── Dataset ──

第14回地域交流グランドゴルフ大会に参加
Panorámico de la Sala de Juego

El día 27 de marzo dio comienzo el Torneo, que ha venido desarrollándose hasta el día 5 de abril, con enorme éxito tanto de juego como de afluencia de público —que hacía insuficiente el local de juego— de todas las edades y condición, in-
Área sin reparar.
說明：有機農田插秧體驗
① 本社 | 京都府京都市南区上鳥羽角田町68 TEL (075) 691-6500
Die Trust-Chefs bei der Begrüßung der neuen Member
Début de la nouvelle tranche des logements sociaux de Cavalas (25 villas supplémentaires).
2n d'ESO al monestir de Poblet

───
── Dataset ──

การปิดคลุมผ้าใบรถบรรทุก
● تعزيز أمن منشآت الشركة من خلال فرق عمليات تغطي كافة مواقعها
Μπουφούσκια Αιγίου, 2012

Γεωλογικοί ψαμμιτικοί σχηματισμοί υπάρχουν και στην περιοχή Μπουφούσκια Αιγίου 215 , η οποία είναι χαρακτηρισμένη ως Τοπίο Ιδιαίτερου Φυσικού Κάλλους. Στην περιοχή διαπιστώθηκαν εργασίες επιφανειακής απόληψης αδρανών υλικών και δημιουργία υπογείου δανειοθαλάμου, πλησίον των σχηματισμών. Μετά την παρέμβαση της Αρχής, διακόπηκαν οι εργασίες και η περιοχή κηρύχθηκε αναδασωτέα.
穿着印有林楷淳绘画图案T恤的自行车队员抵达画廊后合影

───
── Dataset ──

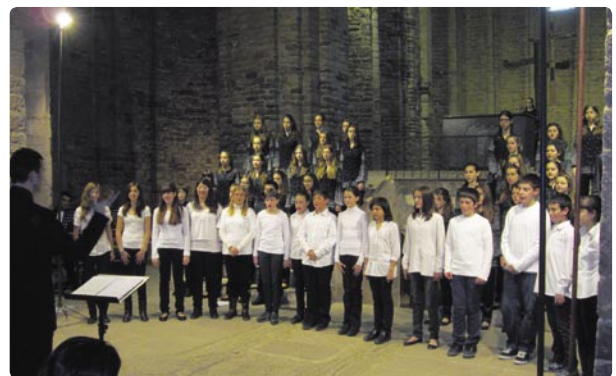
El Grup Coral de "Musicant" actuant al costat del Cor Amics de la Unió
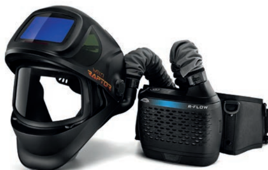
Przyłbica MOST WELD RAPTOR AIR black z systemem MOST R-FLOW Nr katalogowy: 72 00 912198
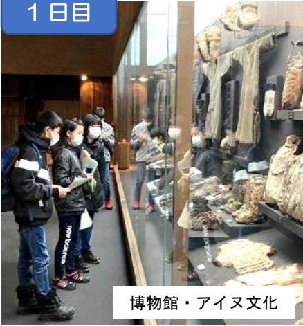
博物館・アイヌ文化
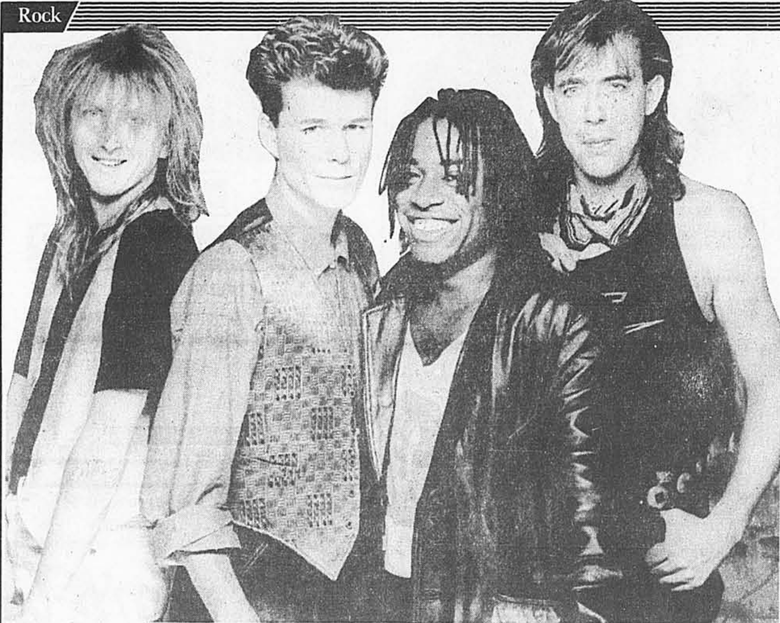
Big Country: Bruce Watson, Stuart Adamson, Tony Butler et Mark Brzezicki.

───

Using the records above, copy word for word the line with "El día 27 de", the line with "2n d'ESO al monestir de Poblet", and every line between them.

(Result below)
El día 27 de marzo dio comienzo el Torneo, que ha venido desarrollándose hasta el día 5 de abril, con enorme éxito tanto de juego como de afluencia de público —que hacía insuficiente el local de juego— de todas las edades y condición, in-
Área sin reparar.
說明：有機農田插秧體驗
① 本社 | 京都府京都市南区上鳥羽角田町68 TEL (075) 691-6500
Die Trust-Chefs bei der Begrüßung der neuen Member
Début de la nouvelle tranche des logements sociaux de Cavalas (25 villas supplémentaires).
2n d'ESO al monestir de Poblet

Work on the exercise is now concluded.